You can think of the stack as a closed box of fixed size with only one of the sides (top) open. Because the size of the box is fixed, you can put only an allowable number of CDs inside. If the box can contain 16 CDs, you can't put a 17th CD inside. Nonetheless, the one that you put in first will always be the last one to come out. Also, the last one you put in will be the first one to be picked out. This simply means that you'll have to pick out the CDs in the reverse order of placement.

The structure of the stack In the early DOS times, the .COM (COre iMage) executable format was limited to 65,536 bytes. The code, data, and the stack had to be fit into this tiny space, and saving room was high priority. Code and data occupied space downward, from byte 0100 (origin), and the stack was organized backward, from byte 0FFFF. The code was usually placed first, then the static data, then what we

now call, the virtual data, eventually growing down, while the stack was placed eventually growing upward. Stacks in executables are still placed proceeding backward. There can be many stacks present at a time in memory, but there's only one current stack. Each stack is located in memory in its own segment to avoid overwriting other parts of memory. This current stack segment is pointed to by the stack segment (SS) register. The offset address to the most recently allocated stack location, called the top of the stack (TOS), is held in another register called the stack pointer (SP). The 16-bit SP register is used only in the 16-bit environment; in a 32-bit environment, the 32-bit extended stack pointer (ESP) register is used to point to the TOS. A pointer called the stack base (SB) points to the first entry that you put into the stack. Adding an entry into the stack fills the next allocatable location (lower memory address) and changes (decrements) the stack pointer (SP) to point to the that location. Removing an entry empties the current location and changes (increments) the stack pointer to point to the previous allocated location (higher memory address). Each entry pushed into the stack makes the allocated section of the stack grow downward (toward lower memory addresses) and decreases SP by unit size. Each entry popped out shortens the allocated section of the stack upward (toward higher memory addresses) and increments SP by unit size (4 bytes for 32-bit; 2 for 16-bit; 1 for 8-bit). Comment To picture a stack growing or shrinking, think of 'icicles'. Just as icicles grow from top to bottom, so does the stack.

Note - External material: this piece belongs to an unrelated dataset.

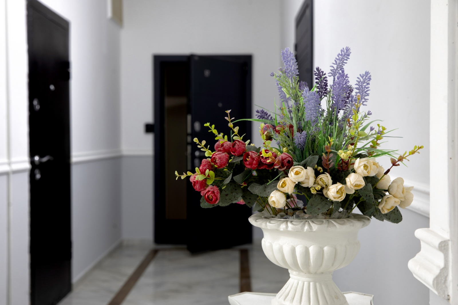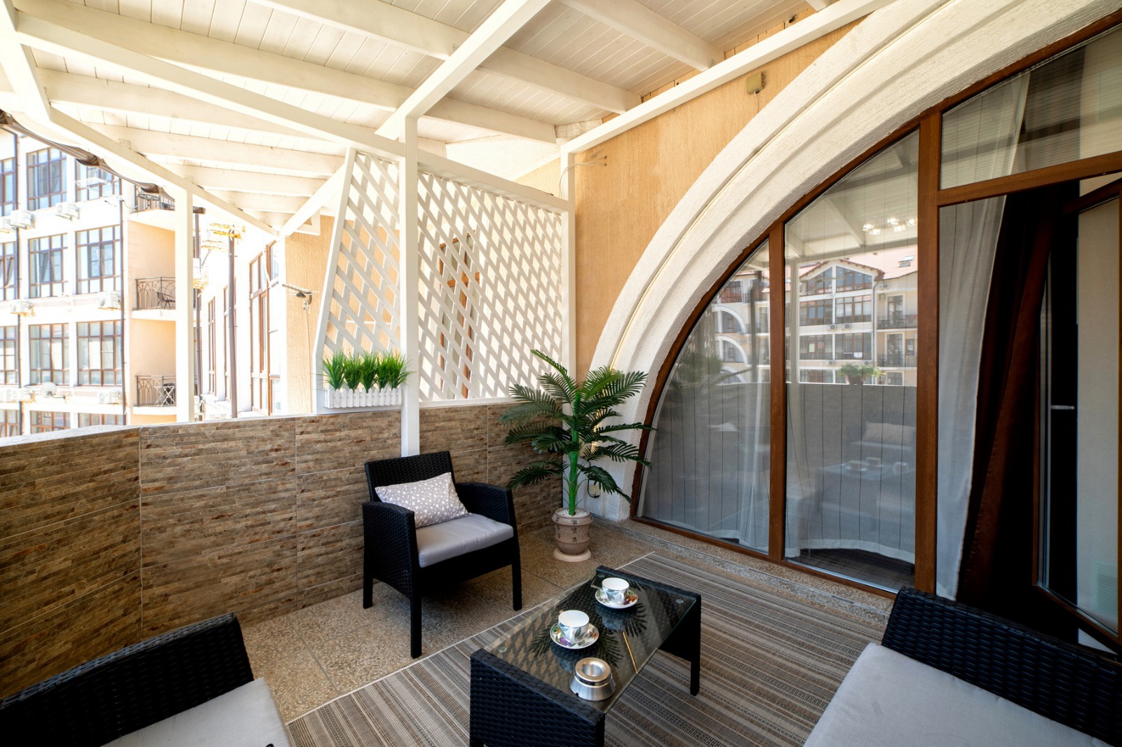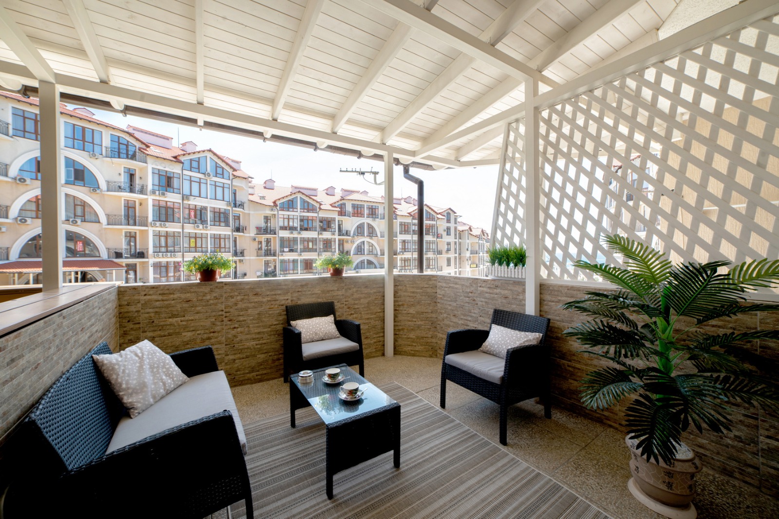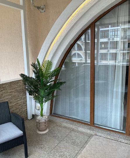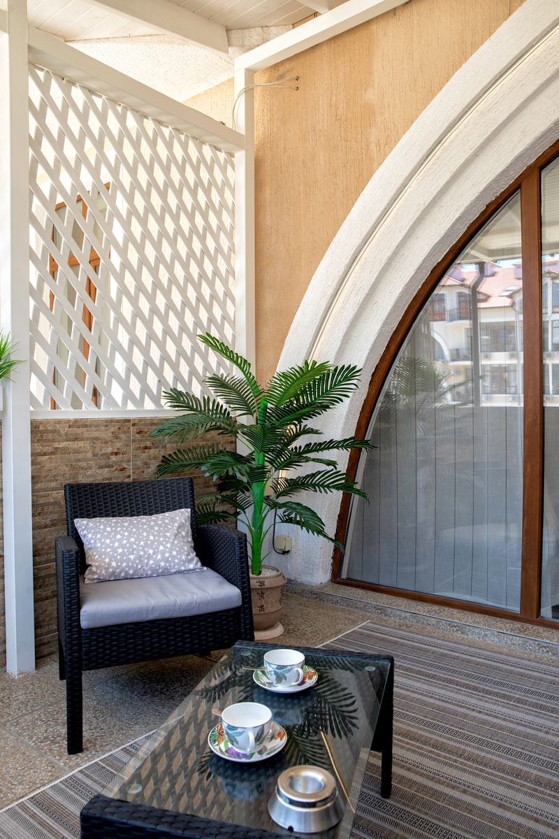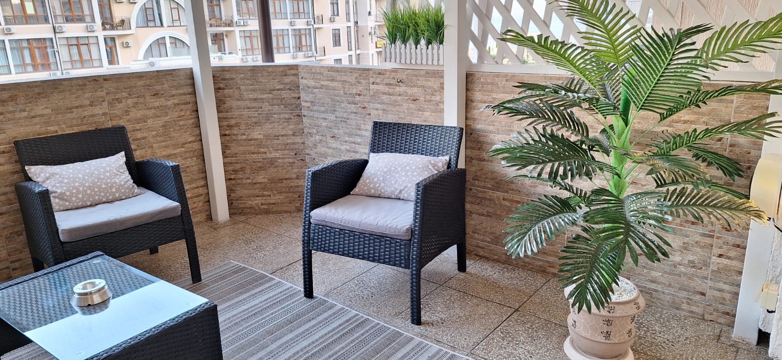 Отдельного внимания заслуживает просторная крытая терраса площадью 9 квадратных метров, обставленная стильной мебелью из ротанга. С неё открывается прямой вид на море — идеальное место для утреннего кофе, вечерних разговоров или чтения в тишине. На террасе также предусмотрена сушилка для белья, что особенно удобно при длительном проживании. Внутри апартаментов установлена сплит-система для поддержания комфортной температуры в любое время года, большой телевизор с плоским экраном диагональю 147 сантиметров и стабильный Wi-Fi.

Caution: The stack is a fixed number of memory locations for temporary use.Allocations and deallocations made in a stack don't make the stack grow or shorten. Only the number of allocations made increases or decreases. The data in a stack doesn't move and shouldn't move--data moving or a stack growing or shortening defeats its purpose. A variable stack or a corrupted stack is no reliable place to save data--after all, that's what the stack is primarily used for. Example: ; (TODO)

Consider a stack of a capacity of 16 bytes. It can hold only 16 bytes, or 8 words, or 4 dwords of temporary data. If you try to allocate memory any further in the stack after it is full, a stack overflow occurs. The most recent data that you tried to push into the stack is lost.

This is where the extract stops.